Und irgendwann saßen Katja und Thomas nebeneinander auf der Couch. sie wurden entspannter. Prost, Onkel Krause!
„… da hätt ich mir fast in die … ich meine, dass hat mir ganz schön angst gemacht“, sagte sie. „… das Gebiss … und die Augen, die nicht richtig zugehen wollten, das war schon ganz schön gruselig, kann ich dir sagen, und ich dachte immer, gleich kommtse und holt mich, weil sie mich damals eben doch gesehen hat, in ihrem Garten, obwohl ich ja gar nichts davon gehabt habe, weil die Birnen ja doch alle hingefallen sind, und das Knie hab ich mir auch noch gestoßen, und damit hab ich immer versucht mich zu beruhigen, ich hab mir immer gesagt, das war doch Strafe genug, da brauchtse doch nicht mehr aufzustehen, um mich zu holen, da kannse doch ruhig tot bleiben …“
„Welches Knie war’s denn?“ fragte er.
„Das hier.“
„Mmh, ja, das war seltsam.“ (Sein Blick blieb auf ihren Knien.) „Aber mir ist auch was Seltsames passiert.“
„Ach ja?“ Sie zündete einige Kerzen an, die auf dem Tisch standen; der Weißwein begann zu leuchten.
„Ja. du wirst es nicht glauben.
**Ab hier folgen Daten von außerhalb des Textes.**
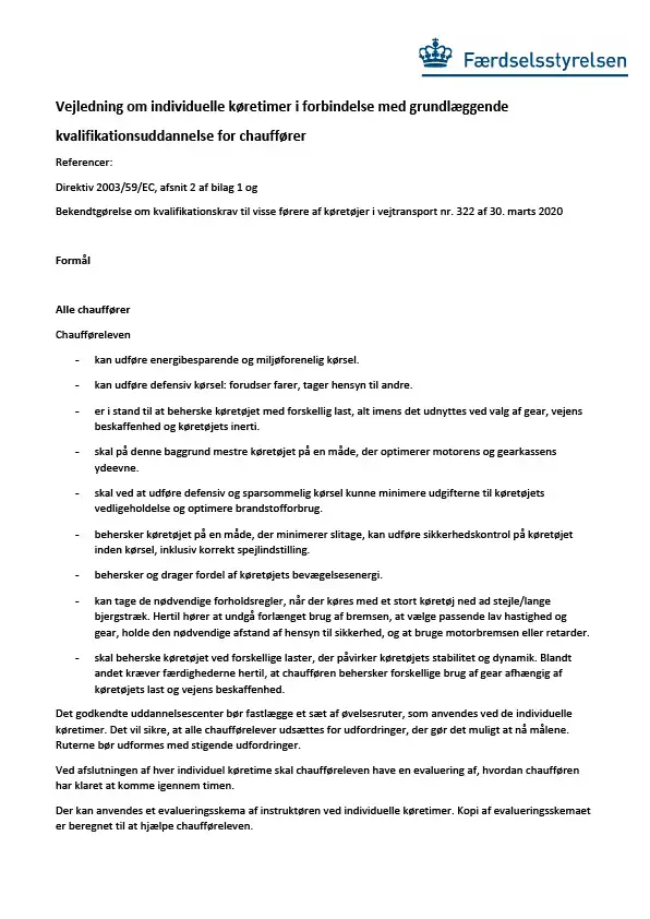 Denne vejledning kan bruges i forbindelse med grundlæggende kvalifikationsuddannelse for chauffører

Ich mein, ich glaub’s ja selber kaum. Aber – ich hab mal ne Maus aufm Fahrrad gesehen.“
Funkel, funkel. Sie lehnte sich wieder zurück. Blicke stupsten aneinander.
„Hey, die kenn ich. Man könnte sogar sagen, dass wir alte Freunde sind.“
„Mensch, die Welt ist klein.“ Er trank einen Schluck. „Leider hab ich sie nur ganz kurz gesehen. wir sind uns ja auch nicht offiziell vorgestellt worden.“
„Tja, das ist Pech. So ist das halt. Wenn ich sie mal wieder sehe, werd ich sie von dir grüßen.“
Die erste Mücke war übern Balkon gekommen, Candlelight-Dinner auf schimmerndem Oberschenkel – denkste, Katja schnippte sie rechtzeitig weg.
„Ich mach lieber die Tür zu“, sagte sie. Die Flämmchen zuckten, als sie aufstand.
Vielleicht wär’s besser gewesen, wenn ich weitergegangen wäre. – Thomas dachte so, ich bin sicher.
Er beneidete mich.
Aber ich – – ich beneidete ihn. Denn in Wirklichkeit hatte ich gesagt:
Kitsch ist zeitlos.
Doch das hat Katja schon immer verwechselt.

* * * * *

(Geschrieben 1996)


One response to “Gigi, oder die Maus auf dem Rennrad

  • WhoEver7up

    Versunken. Ich war ganz versunken. Lass es mich rechtzeitig wissen, wenn Du ein Buch schreibst. Dann melde ich alles andere ab.